▸ **Work instruction**:
Could you return all of the entries word for word, minus any pictures?

[Task inputs Boundary: Start]

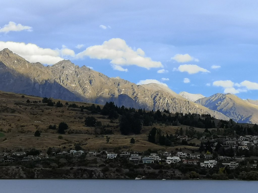 Okay. First stop (following the flight from Auckland) was the hotel Rees on the banks of Lake Wakatipu, Queenstown. We stepped into our room, and this was the view from the window.
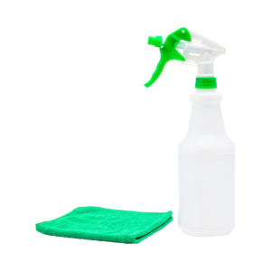 Get more out of your liquid cleaning products with our RW Clean 25-ounce Green Plastic Spray Bottle. This empty cleaning spray bottle has a convenient ergonomic handle with an easy-to-use trigger for a comfortable grip. Crafted with precision, the molded graduations with measurement markers on this spray bottle won't fade after multiple uses. Featuring a leak-resistant seal, the spray bottle nozzle twists on and off this spray bottle securely to prevent messy leaks while cleaning. The nozzle on this high-quality spray bottle has mist and stream settings to help your employees clean efficiently. This reusable spray bottle can contain and spray water, commercial cleaning liquids, or homemade cleaning liquids. Conveniently label-free, this all-purpose spray bottle is perfect for industrial or commercial use. The dark green accents on this all-purpose spray bottle are easily integrated into any color-coded storing system to easily suit your establishment's setting. This 25-ounce spray bottle measures 11.5 inches in height. Available in a 1 count box.
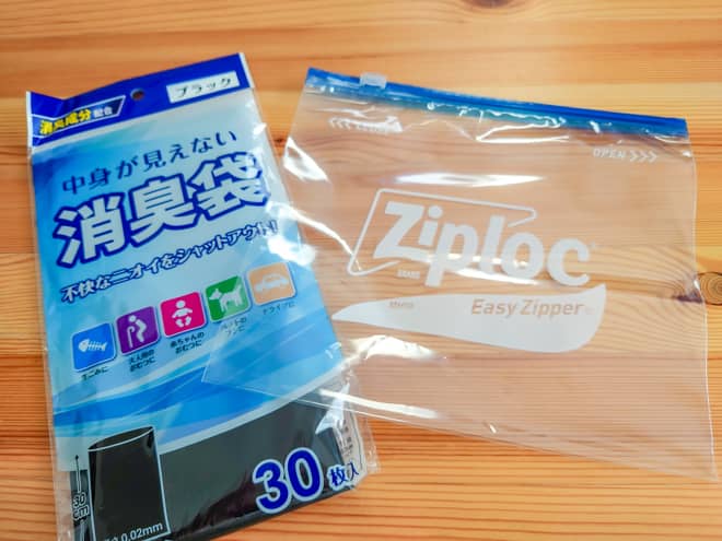 また、筆者の場合ですが、男性スタッフしかいない小規模キャンプ場では使用済みナプキンを捨てていくのは気が引けるので、その場合も持ち帰るようにしています。その際はジップ付きのビニール袋をナプキンと一緒に持ち歩き、使用済みナプキンの臭いが出ない様に空気を抜いてジップ付きのビニール袋に入れています。百均ショップ等で臭いが漏れないビニール袋も販売されているので併用すると更に安心です。
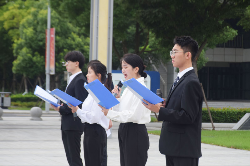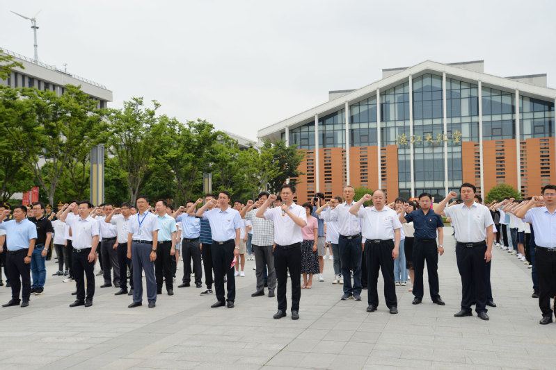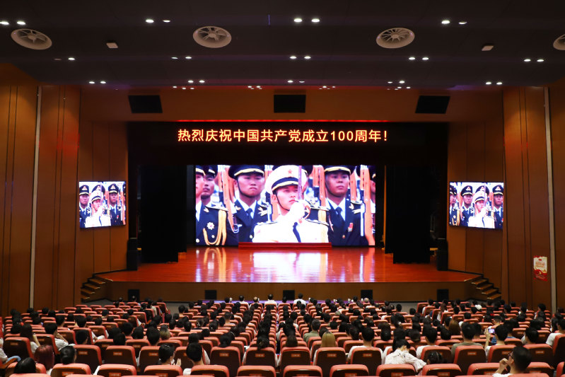 7月1日上午,滨江学院师生齐聚大礼堂南广场,升国旗、唱国歌,并在大礼堂集中收看庆祝中国共产党成立100周年大会直播。
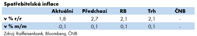 Předběžný odhad Českého statistického úřadu ukázal, že spotřebitelská inflace v dubnu meziměsíčně poklesla o 0,1 % a v meziročním srovnání dokonce spadla pod 2% cíl ČNB. Konkrétně se zastavila na úrovni 1,8 %, přičemž naše i tržní prognóza očekávala snížení „pouze“ na 2,1 %.

[Task inputs Boundary: End]

▸ **Task output**:
 Okay. First stop (following the flight from Auckland) was the hotel Rees on the banks of Lake Wakatipu, Queenstown. We stepped into our room, and this was the view from the window.
 Get more out of your liquid cleaning products with our RW Clean 25-ounce Green Plastic Spray Bottle. This empty cleaning spray bottle has a convenient ergonomic handle with an easy-to-use trigger for a comfortable grip. Crafted with precision, the molded graduations with measurement markers on this spray bottle won't fade after multiple uses. Featuring a leak-resistant seal, the spray bottle nozzle twists on and off this spray bottle securely to prevent messy leaks while cleaning. The nozzle on this high-quality spray bottle has mist and stream settings to help your employees clean efficiently. This reusable spray bottle can contain and spray water, commercial cleaning liquids, or homemade cleaning liquids. Conveniently label-free, this all-purpose spray bottle is perfect for industrial or commercial use. The dark green accents on this all-purpose spray bottle are easily integrated into any color-coded storing system to easily suit your establishment's setting. This 25-ounce spray bottle measures 11.5 inches in height. Available in a 1 count box.
 また、筆者の場合ですが、男性スタッフしかいない小規模キャンプ場では使用済みナプキンを捨てていくのは気が引けるので、その場合も持ち帰るようにしています。その際はジップ付きのビニール袋をナプキンと一緒に持ち歩き、使用済みナプキンの臭いが出ない様に空気を抜いてジップ付きのビニール袋に入れています。百均ショップ等で臭いが漏れないビニール袋も販売されているので併用すると更に安心です。
 7月1日上午,滨江学院师生齐聚大礼堂南广场,升国旗、唱国歌,并在大礼堂集中收看庆祝中国共产党成立100周年大会直播。
 Předběžný odhad Českého statistického úřadu ukázal, že spotřebitelská inflace v dubnu meziměsíčně poklesla o 0,1 % a v meziročním srovnání dokonce spadla pod 2% cíl ČNB. Konkrétně se zastavila na úrovni 1,8 %, přičemž naše i tržní prognóza očekávala snížení „pouze“ na 2,1 %.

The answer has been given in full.